TASK DIRECTIONS:
Excluding pictures, what does the listing below contain from the line with "이탈리아에서는 메뉴판에 적힌" up to and including the line with "座谈会上,徐长节对刘拥华一行", word for word?

RECORDS TO PROCESS:
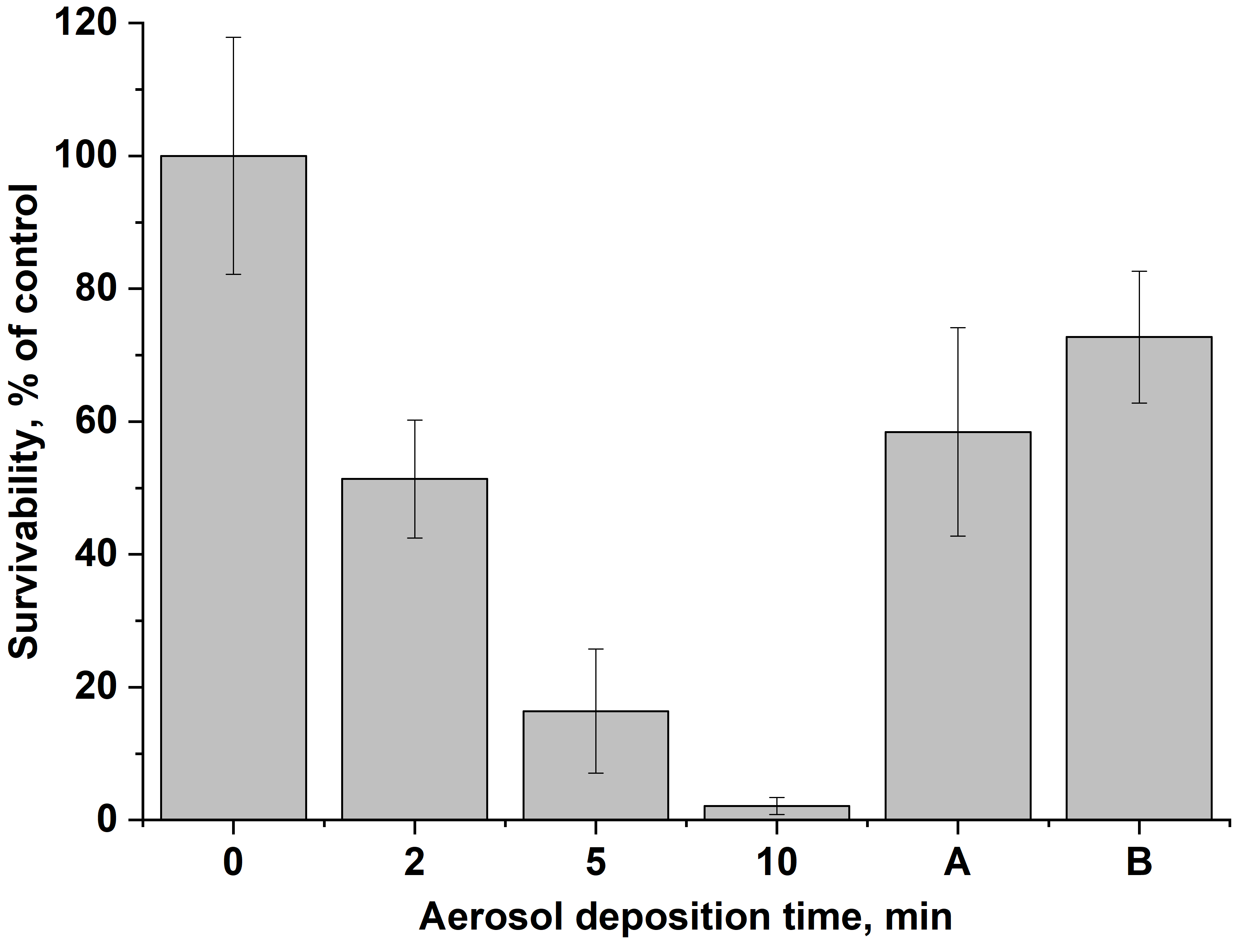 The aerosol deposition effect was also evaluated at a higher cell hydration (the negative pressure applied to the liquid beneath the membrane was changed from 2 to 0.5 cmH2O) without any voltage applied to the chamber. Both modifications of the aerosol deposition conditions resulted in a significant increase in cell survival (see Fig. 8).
==
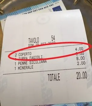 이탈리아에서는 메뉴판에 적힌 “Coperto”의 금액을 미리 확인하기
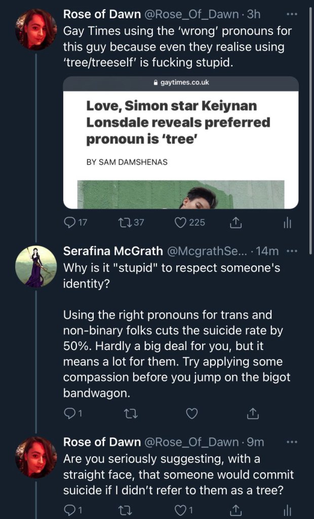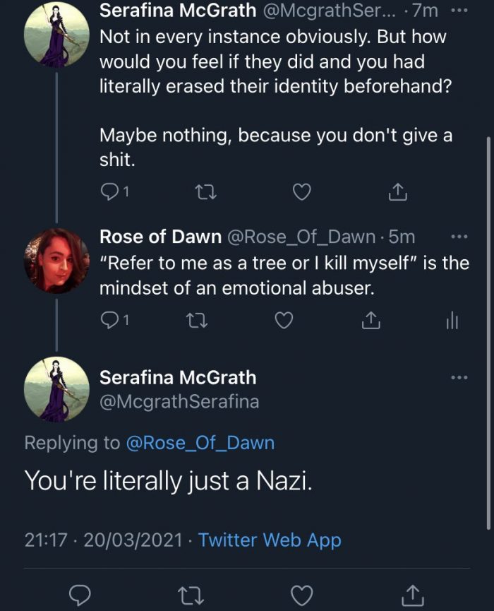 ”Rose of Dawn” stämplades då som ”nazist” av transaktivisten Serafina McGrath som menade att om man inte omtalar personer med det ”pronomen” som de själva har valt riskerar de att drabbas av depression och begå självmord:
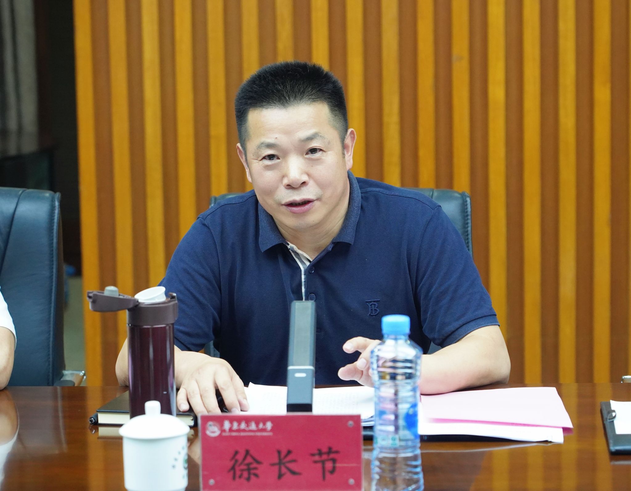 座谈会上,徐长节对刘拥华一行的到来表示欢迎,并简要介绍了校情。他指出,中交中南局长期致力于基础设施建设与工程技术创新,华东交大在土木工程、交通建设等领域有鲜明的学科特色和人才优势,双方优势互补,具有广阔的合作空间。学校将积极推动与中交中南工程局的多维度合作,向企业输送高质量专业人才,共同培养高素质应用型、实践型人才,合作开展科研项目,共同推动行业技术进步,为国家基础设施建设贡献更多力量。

SOLUTION:
 이탈리아에서는 메뉴판에 적힌 “Coperto”의 금액을 미리 확인하기
 ”Rose of Dawn” stämplades då som ”nazist” av transaktivisten Serafina McGrath som menade att om man inte omtalar personer med det ”pronomen” som de själva har valt riskerar de att drabbas av depression och begå självmord:
 座谈会上,徐长节对刘拥华一行的到来表示欢迎,并简要介绍了校情。他指出,中交中南局长期致力于基础设施建设与工程技术创新,华东交大在土木工程、交通建设等领域有鲜明的学科特色和人才优势,双方优势互补,具有广阔的合作空间。学校将积极推动与中交中南工程局的多维度合作,向企业输送高质量专业人才,共同培养高素质应用型、实践型人才,合作开展科研项目,共同推动行业技术进步,为国家基础设施建设贡献更多力量。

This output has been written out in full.